> _Task details_: The listing below is to be given again in full and word for word, without its images.
*** Exercise data ***
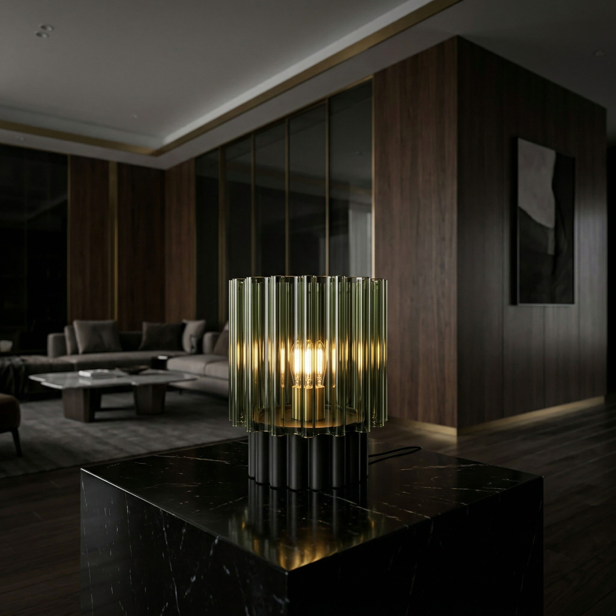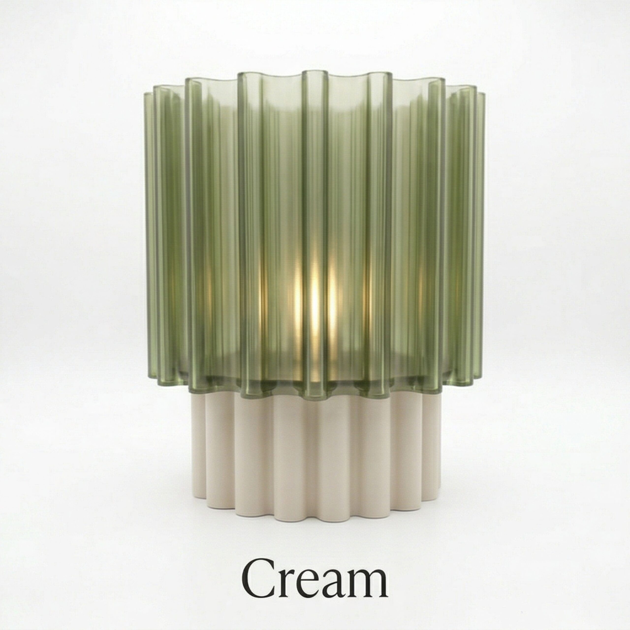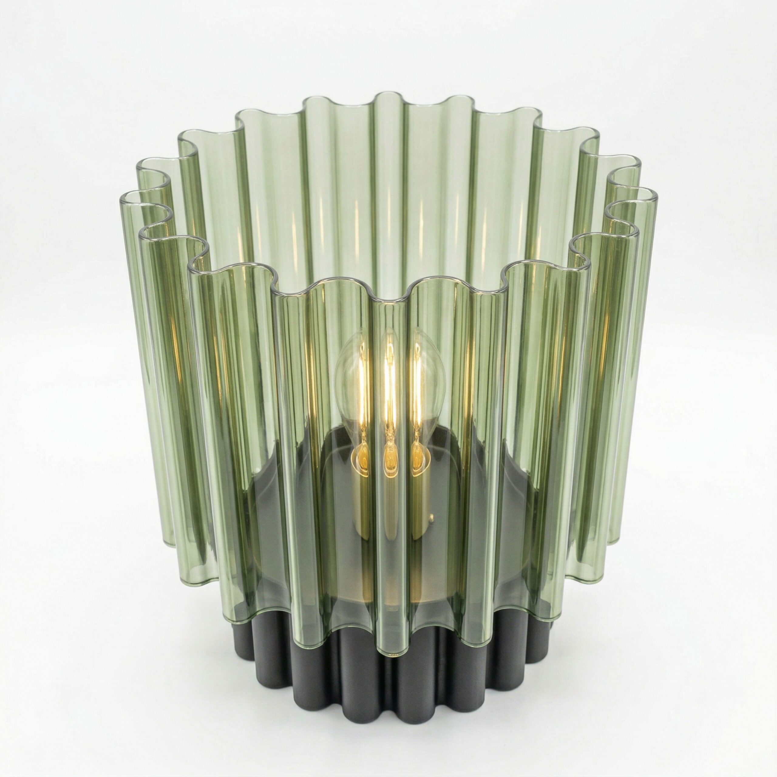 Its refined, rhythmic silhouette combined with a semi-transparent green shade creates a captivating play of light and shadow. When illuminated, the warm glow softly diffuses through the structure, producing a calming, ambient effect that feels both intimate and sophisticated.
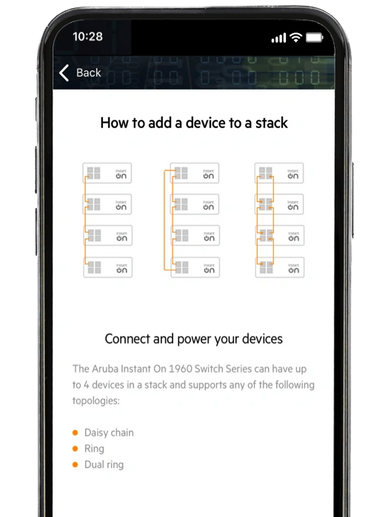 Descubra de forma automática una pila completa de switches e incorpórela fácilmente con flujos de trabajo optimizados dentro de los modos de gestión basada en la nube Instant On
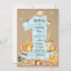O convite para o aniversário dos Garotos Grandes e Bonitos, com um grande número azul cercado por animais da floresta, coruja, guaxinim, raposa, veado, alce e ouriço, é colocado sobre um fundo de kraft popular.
***
> _Your solution_:
 Its refined, rhythmic silhouette combined with a semi-transparent green shade creates a captivating play of light and shadow. When illuminated, the warm glow softly diffuses through the structure, producing a calming, ambient effect that feels both intimate and sophisticated.
 Descubra de forma automática una pila completa de switches e incorpórela fácilmente con flujos de trabajo optimizados dentro de los modos de gestión basada en la nube Instant On
O convite para o aniversário dos Garotos Grandes e Bonitos, com um grande número azul cercado por animais da floresta, coruja, guaxinim, raposa, veado, alce e ouriço, é colocado sobre um fundo de kraft popular.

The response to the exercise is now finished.